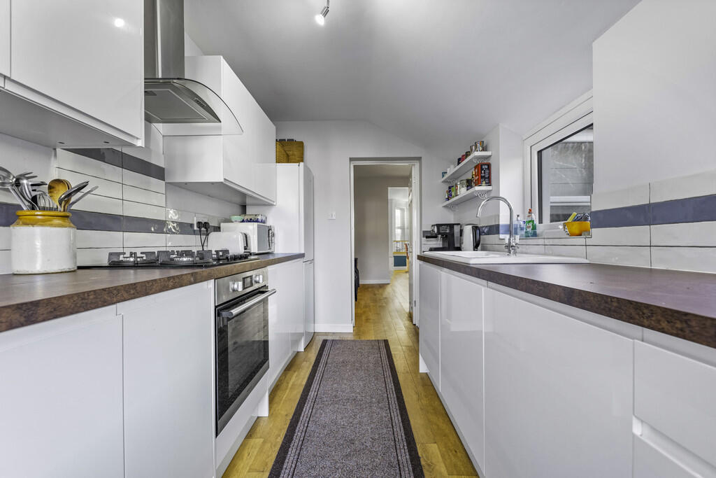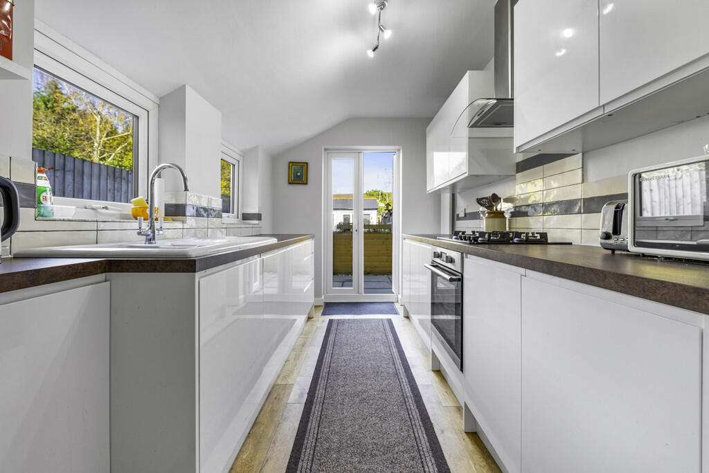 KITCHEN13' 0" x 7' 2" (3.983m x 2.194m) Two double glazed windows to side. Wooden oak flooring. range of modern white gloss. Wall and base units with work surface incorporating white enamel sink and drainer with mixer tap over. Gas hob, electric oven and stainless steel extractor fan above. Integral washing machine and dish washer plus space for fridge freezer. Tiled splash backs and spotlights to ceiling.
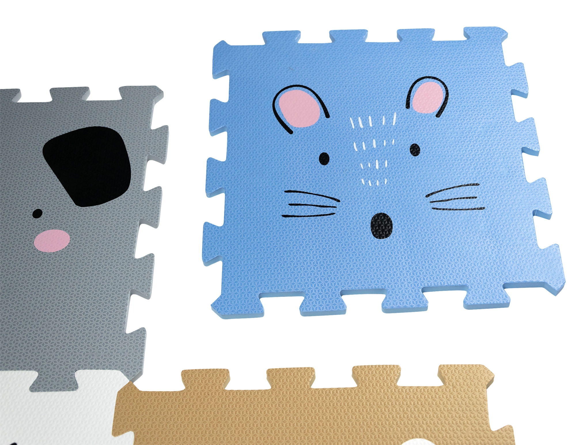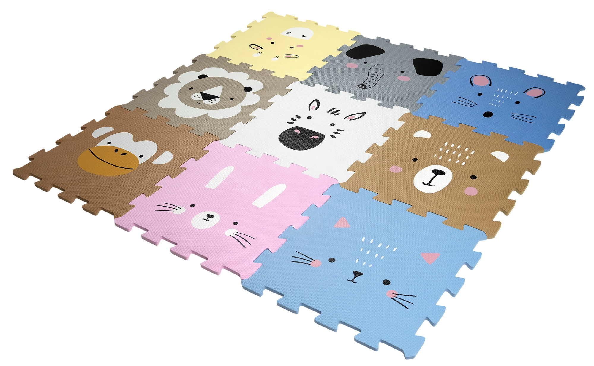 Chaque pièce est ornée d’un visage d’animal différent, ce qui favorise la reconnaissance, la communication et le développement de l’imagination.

________________

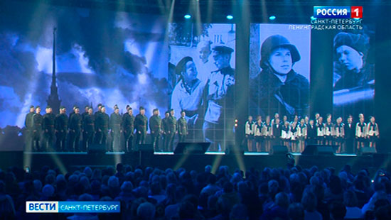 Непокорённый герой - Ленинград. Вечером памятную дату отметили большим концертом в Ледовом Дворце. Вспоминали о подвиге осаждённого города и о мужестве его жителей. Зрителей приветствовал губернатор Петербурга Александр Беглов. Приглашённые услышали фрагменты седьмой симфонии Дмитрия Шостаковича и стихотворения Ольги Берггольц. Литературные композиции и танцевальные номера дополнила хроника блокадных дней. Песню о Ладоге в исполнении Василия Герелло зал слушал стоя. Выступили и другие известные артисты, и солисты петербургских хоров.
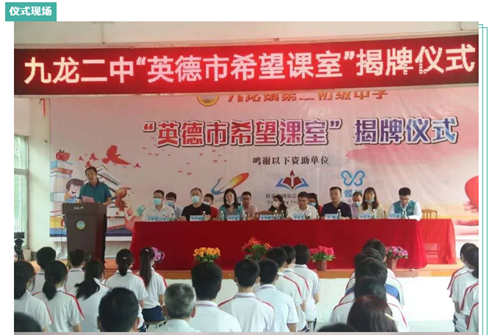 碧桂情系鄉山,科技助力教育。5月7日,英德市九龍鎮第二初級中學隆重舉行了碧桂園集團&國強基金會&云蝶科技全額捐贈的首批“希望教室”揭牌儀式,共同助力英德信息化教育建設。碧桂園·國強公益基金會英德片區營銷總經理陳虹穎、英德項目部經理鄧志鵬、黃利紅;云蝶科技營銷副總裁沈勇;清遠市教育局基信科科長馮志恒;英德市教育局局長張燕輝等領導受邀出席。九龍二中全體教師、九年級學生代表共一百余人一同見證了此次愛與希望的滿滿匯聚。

________________

ACTIVITY:
Copy only these lines from the records above, exactly: the one with "Непокорённый герой - Ленинград.", the one with "碧桂情系鄉山,科技助力教育。", and those between. Skip the pictures.

SOLUTION FOR THIS EXERCISE:
 Непокорённый герой - Ленинград. Вечером памятную дату отметили большим концертом в Ледовом Дворце. Вспоминали о подвиге осаждённого города и о мужестве его жителей. Зрителей приветствовал губернатор Петербурга Александр Беглов. Приглашённые услышали фрагменты седьмой симфонии Дмитрия Шостаковича и стихотворения Ольги Берггольц. Литературные композиции и танцевальные номера дополнила хроника блокадных дней. Песню о Ладоге в исполнении Василия Герелло зал слушал стоя. Выступили и другие известные артисты, и солисты петербургских хоров.
 碧桂情系鄉山,科技助力教育。5月7日,英德市九龍鎮第二初級中學隆重舉行了碧桂園集團&國強基金會&云蝶科技全額捐贈的首批“希望教室”揭牌儀式,共同助力英德信息化教育建設。碧桂園·國強公益基金會英德片區營銷總經理陳虹穎、英德項目部經理鄧志鵬、黃利紅;云蝶科技營銷副總裁沈勇;清遠市教育局基信科科長馮志恒;英德市教育局局長張燕輝等領導受邀出席。九龍二中全體教師、九年級學生代表共一百余人一同見證了此次愛與希望的滿滿匯聚。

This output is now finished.